=== Your task ===
What's needed is an exact copy of the lines from the one that contains "Hola! Em dic" to the end of the data below, leaving the pictures out.

=== Stored data ===
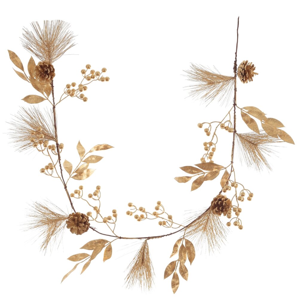 Дивная золотая гирлянда, с украшениями из листьев, ягод и шишок, станет прекрасным элементом новогодней композиции, придавая ей очарование праздника.
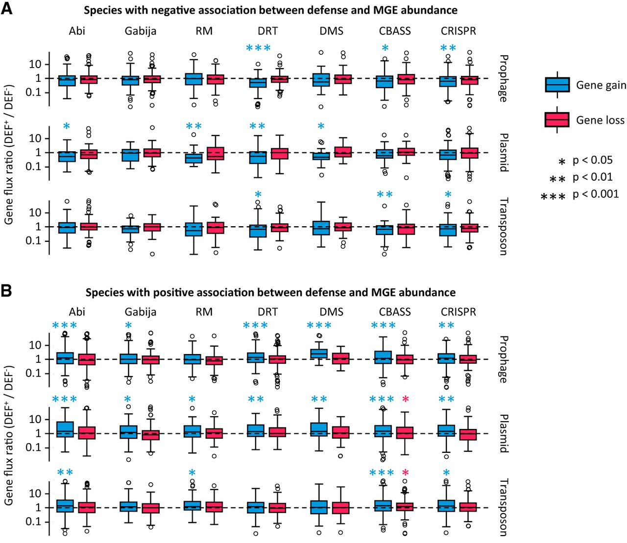 Relative differences in the rates of gene gain and loss between sister clades that do and do not harbor defense systems (DEF+ and DEF−, respectively). The boxplots represent the distribution of the DEF+/DEF− ratio of gene-gain (or -loss) rates for each class of MGEs, calculated for every pair of sister clades. Values greater (or smaller) than one indicate increased (or reduced) gene flux in lineages that contain the defense system. (A) Species that show a negative association between the defense system and the number of marker genes for each class of MGEs (PGLMM with smallest significant effect size criterion). (B) Species that show a positive association between the defense system and the number of marker genes for each class of MGEs. In the boxplots, the central line indicates the median, the box limits correspond to the 25 and 75 percentiles, and the whiskers extend to the largest and smallest values not classified as outliers. P-values are based on a Wilcoxon test with log-ratio = 0 as null hypothesis.
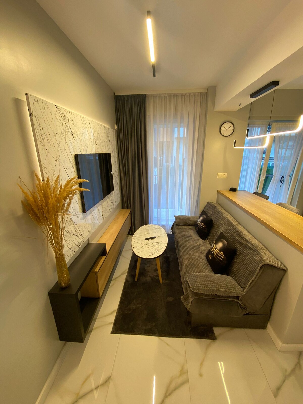 Hola! Em dic Daniela i t'ofereixo un estudi totalment moblat i elegant. La zona de descans i de dia estan delimitades, com es pot veure a les fotos. Hi ha un llit doble i un sofà llit. L'estudi també està equipat amb TV de pantalla plana i cuina totalment equipada, que ofereix als hostes fogons, microones, nevera i rentadora al bany. Es troba a només 1 km de l'aeroport d'Otopeni. Espero que estiguis molt bé! 😀
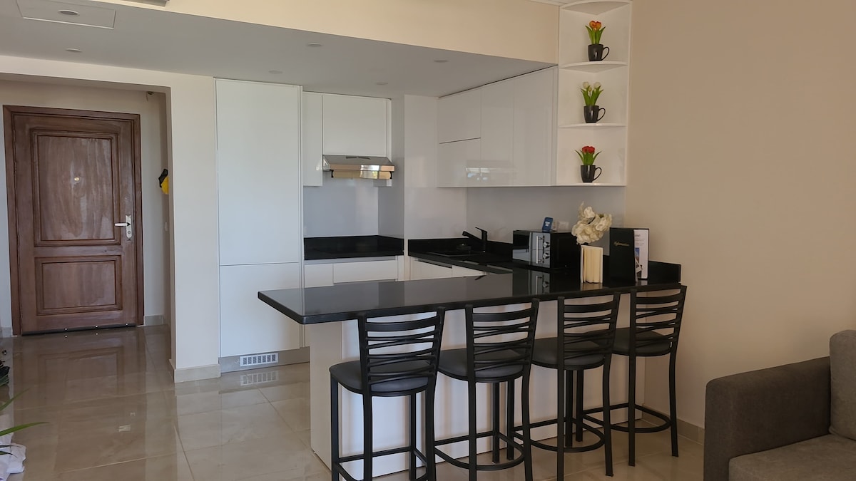 Doživite modernu eleganciju, glamur i dah u najnovijoj marini El Gouna, Fanadir Marina. Uživajte u sadržajima kao što su brzi Wi-Fi, klima uređaj, fen za kosu, kombinacija veš mašine/sušilice, pegla, daska za peglanje i stalak za sušenje i besplatan podzemni parking. Nalazi se u srcu marine Fanadir. Popularni barovi, kafići, restorani, butici, supermarket i frizer udaljeni su samo nekoliko koraka. Pješice do KBC kitesurf & Wingfoil i plaže

=== Task result ===
 Hola! Em dic Daniela i t'ofereixo un estudi totalment moblat i elegant. La zona de descans i de dia estan delimitades, com es pot veure a les fotos. Hi ha un llit doble i un sofà llit. L'estudi també està equipat amb TV de pantalla plana i cuina totalment equipada, que ofereix als hostes fogons, microones, nevera i rentadora al bany. Es troba a només 1 km de l'aeroport d'Otopeni. Espero que estiguis molt bé! 😀
 Doživite modernu eleganciju, glamur i dah u najnovijoj marini El Gouna, Fanadir Marina. Uživajte u sadržajima kao što su brzi Wi-Fi, klima uređaj, fen za kosu, kombinacija veš mašine/sušilice, pegla, daska za peglanje i stalak za sušenje i besplatan podzemni parking. Nalazi se u srcu marine Fanadir. Popularni barovi, kafići, restorani, butici, supermarket i frizer udaljeni su samo nekoliko koraka. Pješice do KBC kitesurf & Wingfoil i plaže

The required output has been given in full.